Table 2. AUC scores of link prediction on the 12 datasets. The scores are based on the best results of choosing different operators for edge embedding.

5 Choosing a Method

The results in the previous section indicate the accuracy of the methods in multi-label classification and link prediction tasks. However, we have to take other factors into account when choosing a method for practical purposes. In some cases, a compromise must be reached between accuracy and running time, especially for large networks. In other cases, we may consider whether a method is stable, or whether we have some prior knowledge about the network. Table 3 summarizes the characteristics of different methods from five aspects: accuracy for multi-label classification, accuracy for link prediction, speed, stability, and prior knowledge requirement. To clarify this further, we give the following suggestions for choosing a suitable method.

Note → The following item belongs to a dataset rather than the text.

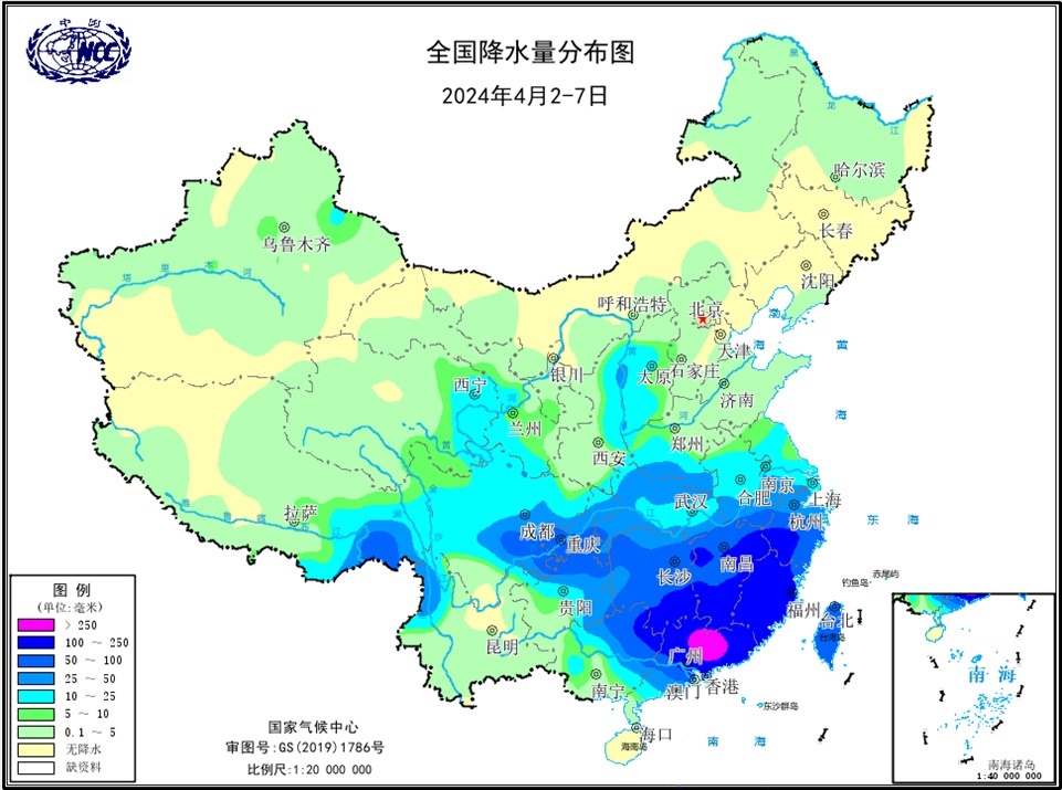 14次區(qū)域暴雨過(guò)程襲擊我國(guó),較常年同期明顯偏多。春季,我國(guó)共發(fā)生14次區(qū)域暴雨過(guò)程,較常年同期偏多3.8次。4月2-7日的暴雨過(guò)程為1961年以來(lái)同期第八強(qiáng),受其影響,我國(guó)華東南部、華中南部、華南東部及貴州東北部、重慶、四川中東部等地累計(jì)降水量50~100毫米,浙江西南部、福建、江西南部、湖南東南部、廣東大部等地累計(jì)降水量100~250毫米,局地超過(guò)250毫米(圖5);湖南茶陵(203.2毫米)、廣東始興(145.3毫米)日降水量超過(guò)極端閾值。

In one example, we want to embed a relatively small network that contains several hundred nodes. Since the network is small, the speed of a method should pose no restriction, and we are free to choose the most accurate method. In this case, GraRep and node2vec would be an appropriate choice. When we deal with large networks, it becomes intractable with methods such as GraRep. For example, it may take more than ten days to embed a network with the number of nodes in the order of \(10^5\) on a current desktop PC. In this case, HOPE and node2vec would be better candidates.

Table 3. Characteristics of different methods.

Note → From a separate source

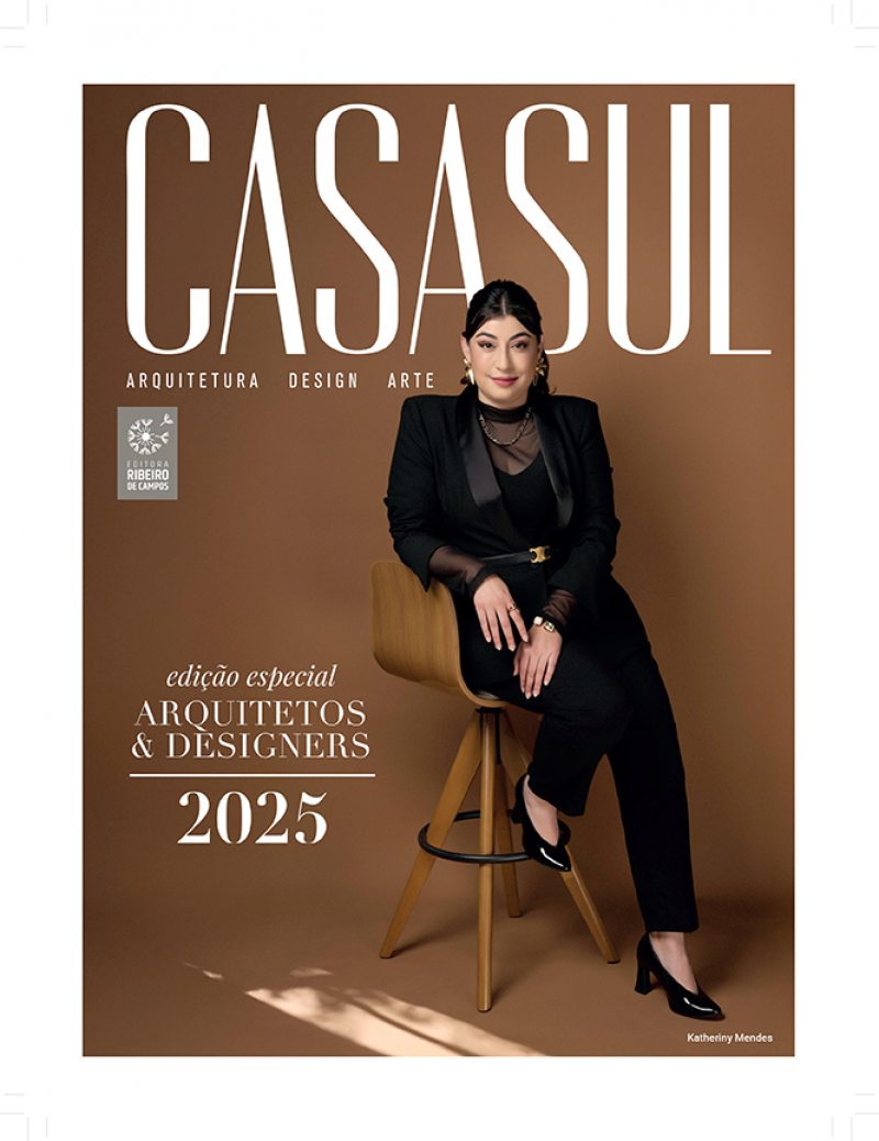 A profissional participa do Especial Casa Sul, apresentando seu trabalho em uma edição com capa personalizada, que reflete sua visão estética e sua sensibilidade como criadora.

Let us consider a network that evolves with time. We want to embed the network at multiple time slices and find out how the embeddings change with time. In this case, we would not choose unstable methods such as DeepWalk or node2vec. These two methods introduce some random factors such as random walks, random initialization of the neural network weights, and random selection for the mini-batch training. Thus, the embedding results can be different in different runs.

Node2vec, as an improved version of DeepWalk, normally achieves better performances. However, we need some prior knowledge to guide the 2nd-order random walkers towards a particular search strategy or some information about the downstream machine learning tasks. For example, some labels are required to tune the hyper-parameters in the multi-label classification task. If such prior knowledge is not available, DeepWalk is also a good alternative option.

6 Conclusion

In this paper, we have given a overview and a comprehensive comparison of matrix factorization based methods for network embedding. We found that the performance is network and application dependent; thus, there is no clear winner for all of the applications and in all of the networks. We analyzed the characteristics of each method and gave suggestions on how to choose a method for practical purposes.

Despite recent efforts in network embedding, some questions remain unanswered. The search for a faster and more accurate method is a never-ending pursuit. Additionally, we lack embedding methods that can cope with temporal networks. These will be left for our future work.